You can also use the /history command. This prints the last 50 actions the agent took. You can identify exactly where the logic deviated from your original goal. You can revert the codebase state using the /undo command. The agent rolls back the files to the last stable snapshot.
Comparing the free gateway to paid APIs
I ran benchmarks testing the free Gitlawb gateway against paid alternatives. Local model runners like Ollama require massive compute. They melt your laptop GPU when processing a 100,000 token context window. Cloud APIs respond quickly. But they drain your budget.
| Setup | Context Window | Speed | Cost (per 1M tokens) |
|---|---|---|---|
| OpenClaude + Gitlawb (MiMo 2.5 Pro) | 1,000,000 | High | $0.00 |
| Claude Code + Anthropic API | 200,000 | Very High | $15.00 |
| OpenClaude + Local Ollama (Qwen) | 32,000 | Hardware Dependent | $0.00 |
The Gitlawb setup delivers the performance of a massive remote cluster. It drops the API costs to 0. You sacrifice nothing on speed.

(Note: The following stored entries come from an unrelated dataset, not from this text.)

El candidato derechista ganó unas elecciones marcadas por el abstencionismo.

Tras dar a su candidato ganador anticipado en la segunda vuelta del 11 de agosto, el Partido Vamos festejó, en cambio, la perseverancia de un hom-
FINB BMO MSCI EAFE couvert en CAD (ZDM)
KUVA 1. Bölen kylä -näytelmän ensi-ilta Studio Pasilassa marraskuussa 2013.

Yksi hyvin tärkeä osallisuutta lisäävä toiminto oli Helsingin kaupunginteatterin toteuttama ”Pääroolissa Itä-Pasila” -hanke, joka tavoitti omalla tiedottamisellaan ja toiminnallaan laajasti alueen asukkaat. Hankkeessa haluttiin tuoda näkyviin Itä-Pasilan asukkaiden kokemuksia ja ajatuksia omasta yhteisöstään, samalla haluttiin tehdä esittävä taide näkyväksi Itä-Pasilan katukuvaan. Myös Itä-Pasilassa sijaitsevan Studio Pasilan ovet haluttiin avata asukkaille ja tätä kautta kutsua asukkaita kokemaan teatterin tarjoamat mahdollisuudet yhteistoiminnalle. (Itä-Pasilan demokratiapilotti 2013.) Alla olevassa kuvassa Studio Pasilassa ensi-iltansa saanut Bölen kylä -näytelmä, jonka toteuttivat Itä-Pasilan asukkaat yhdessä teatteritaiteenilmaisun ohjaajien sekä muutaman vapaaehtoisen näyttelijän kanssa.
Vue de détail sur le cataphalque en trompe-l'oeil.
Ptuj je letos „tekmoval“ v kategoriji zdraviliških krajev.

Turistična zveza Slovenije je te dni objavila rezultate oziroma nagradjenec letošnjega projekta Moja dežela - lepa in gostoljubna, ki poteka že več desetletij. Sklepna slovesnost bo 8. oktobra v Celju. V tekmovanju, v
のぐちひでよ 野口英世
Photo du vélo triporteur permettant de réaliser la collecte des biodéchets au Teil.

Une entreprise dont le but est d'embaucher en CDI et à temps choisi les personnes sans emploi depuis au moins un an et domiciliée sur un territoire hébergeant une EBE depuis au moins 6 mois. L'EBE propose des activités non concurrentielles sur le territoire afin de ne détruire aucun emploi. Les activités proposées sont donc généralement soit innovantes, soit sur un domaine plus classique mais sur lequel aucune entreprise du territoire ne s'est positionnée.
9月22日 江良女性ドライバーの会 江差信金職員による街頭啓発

Read my full guide on How to Use Claude Code for Free in 2026 for alternative routing methods. The autonomous agent space moves fast. You should keep multiple tools configured on your machine.

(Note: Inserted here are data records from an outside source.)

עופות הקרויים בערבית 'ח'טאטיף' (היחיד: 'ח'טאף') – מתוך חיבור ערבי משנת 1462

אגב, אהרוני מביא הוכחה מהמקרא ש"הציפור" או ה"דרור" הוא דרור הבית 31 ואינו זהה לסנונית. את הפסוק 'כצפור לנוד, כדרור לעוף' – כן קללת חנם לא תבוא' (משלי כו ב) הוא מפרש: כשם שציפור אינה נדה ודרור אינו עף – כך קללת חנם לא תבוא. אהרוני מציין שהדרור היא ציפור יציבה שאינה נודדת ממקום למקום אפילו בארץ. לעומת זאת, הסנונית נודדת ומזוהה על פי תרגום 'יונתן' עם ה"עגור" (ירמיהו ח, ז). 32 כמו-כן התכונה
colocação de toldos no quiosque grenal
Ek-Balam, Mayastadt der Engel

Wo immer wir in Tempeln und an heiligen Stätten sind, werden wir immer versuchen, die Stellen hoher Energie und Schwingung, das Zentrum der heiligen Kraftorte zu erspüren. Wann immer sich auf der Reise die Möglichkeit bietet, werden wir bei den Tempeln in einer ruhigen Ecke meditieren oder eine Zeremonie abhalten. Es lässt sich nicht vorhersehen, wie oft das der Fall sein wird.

Pros and cons of the MiMo gateway
The Gitlawb gateway has specific limitations. You need to understand these constraints before relying on it for production database migrations.
The Good
- Unlimited access to a trillion-parameter model.

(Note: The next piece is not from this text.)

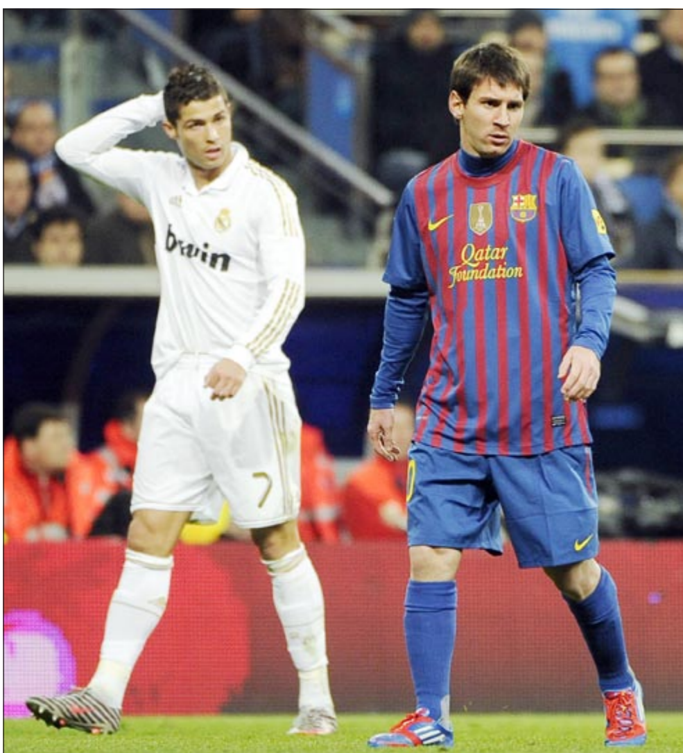
الصراع يتجدد بين ليونيل ميسي وكريستيانو رونالدو

برشلونة رد بقسوة وحقق الفوز في كل منهما. ومارت مباريات الكلاسيكو السبع التي شهدتها عام 2011 في مختلف البطولات حاضرة في الأذهان، وهو ما أثار بعض الجدل بشأن إمكانية تراجع جاذبية الكلاسيكو في قلوب المشجعين وفي اهتمامات وسائل الإعلام، خاصة أن العام الحالي قد يشهد ثمانية مباريات كلاسيكو، وسبق لإيكر كاسياس حارس مرمرى ريال مدريد أن أكد أن لقاءات الكلاسيكو قد تفقد قيمتها وأهميتها بالترار، مشيراً إلى أن متعتها قد تتراجع بينما يتزايد الجهد المبذول فيها. وقدم كاسياس أداء رائعاً في كلاسيكو الأربعاء الماضي، حيث أنقذ فريقه من عدة أهداف محققة ولعب دوراً كبيراً في خروج الريال متقدماً 1 - 0 في الشوط الأول قبل أن ينتج برشلونة بعناده وأسلوبه في التصريح المتقن والاستحواد على الكرة في إجهاد الريال خلال الشوط الثاني الذي سجل فيه هدفين رائعين. ومن المؤكد أن هذا العناد من برشلونة ونجاحه في التغلب مجدداً على أسطورة المدرب البرتغالي جوزيه مورينو المدير الفني للريال أضاف مزيداً من البريق على لقاءات الكلاسيكو انتظاراً لما تستقر عنه مباراة اليوم.

- Native support for Model Context Protocol (MCP).
- Requires 0 sign-ups or OAuth handshakes.
- Highly proficient at bash execution and file I/O operations.
The Bad
- Network latency spikes occur during peak Asian operational hours.
- You might hit HTTP 504 gateway timeouts on 50-file bulk edits.
- It lacks the headless gRPC streaming feature found in the paid enterprise tiers.
Extending OpenClaude with MCP transports
You can expand OpenClaude by connecting external tool servers. The agent uses the Model Context Protocol (MCP). Gitlawb built 6 MCP transport types directly into the binary.
You can bolt an SQLite MCP server onto your CLI. This gives the agent direct read and write access to your local database files. Type /mcp add sqlite into the terminal. Provide the path to your .db file. The agent immediately gains the ability to execute raw SQL queries.
You can ask the agent to find all users who signed up last week. It will write the SQL query. It will execute the query via the MCP transport. It will print the exact user records in your terminal.
You can also spawn multi-agent swarms. The CLI supports isolated agent contexts. You can tell the primary agent to draft a React frontend. You can instruct it to spawn a secondary agent to build the Express API simultaneously. The 2 agents communicate over a local socket. They negotiate API contracts automatically.
Some developers prefer visual tools. You can build a web app with Cursor AI instead. Cursor operates on similar agentic principles. It embeds directly into your code editor.
Frequently asked questions
Is OpenClaude a virus or a hack?
No. OpenClaude is a legitimate open-source CLI. The Gitlawb community maintains the codebase. It does not bypass paid subscription paywalls illegally. Xiaomi officially subsidizes the free access to MiMo 2.5 Pro.
How do I fix a gateway timeout error?
You might see a 504 Gateway Timeout error. This means the Gitlawb public servers are overloaded. Press Ctrl+C. This cancels the current generation loop. Type /retry to ping the gateway again. The agent retains your exact context state.
Can OpenClaude delete files on my computer?
Yes. The agent possesses file I/O capabilities. If you instruct it to delete a folder, it runs the rm -rf command. You must monitor the terminal output carefully. Always commit your code to Git before running an autonomous agent. You need a way to revert unwanted file deletions.